Telphusa extranea

Scientific classification
- Domain: Eukaryota
- Kingdom: Animalia
- Phylum: Arthropoda
- Class: Insecta
- Order: Lepidoptera
- Family: Gelechiidae
- Genus: Telphusa
- Species: T. extranea
- Binomial name: Telphusa extranea (Walsingham, [1892])
- Synonyms: Poecilia extranea Walsingham, [1892]; Geniadophora extranea;

= Telphusa extranea =

- Authority: (Walsingham, [1892])
- Synonyms: Poecilia extranea Walsingham, [1892], Geniadophora extranea

Species of moth

Telphusa extranea is a moth of the family Gelechiidae. It is found in the West Indies, where it has been recorded from St. Vincent.
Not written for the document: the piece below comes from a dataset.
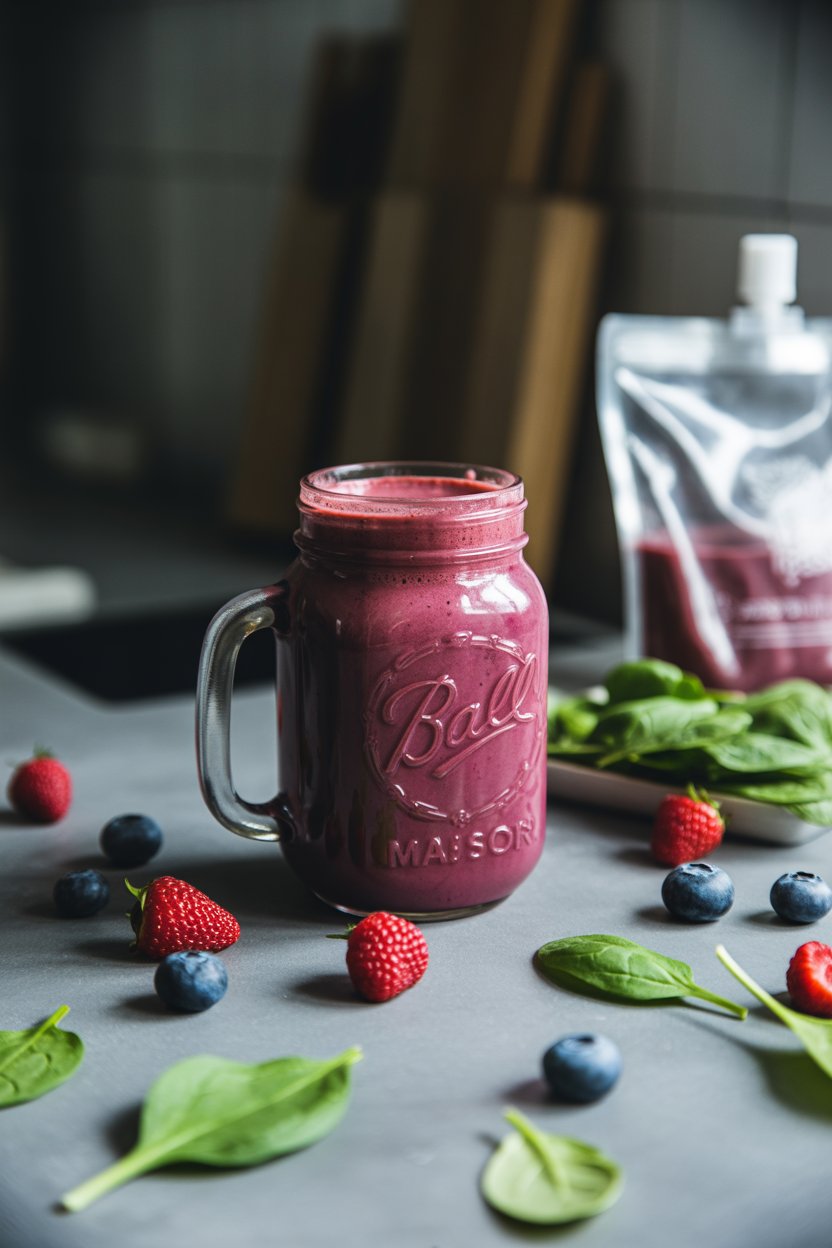 Blend unsweetened almond milk, frozen berries, spinach, and a scoop of clean protein powder. Each 12-ounce serving brings 20 g of protein and doubles as a hydration boost. Pour into an insulated pouch or bottle to keep it chilled.

The wingspan is about 10 mm. The forewings are brownish fuscous at the base for one third their length, cinereous speckled with brownish fuscous beyond, much
shaded with brownish fuscous on the apical fourth. There is a slender white line commencing at the base and following the costal margin, which is bent downwards and forms a sinuous outer edge to the basal patch, reaching the dorsal margin obliquely before the middle. Another slender white line which commences below the middle of the costa is sinuated outwards and downwards to the anterior edge of the dark apical fourth, where it meets a shorter, slender white line, which reverts obliquely to the dorsal margin. Along the extreme apical margin is a narrow whitish line enclosing a short series of black dots. The hindwings are grey.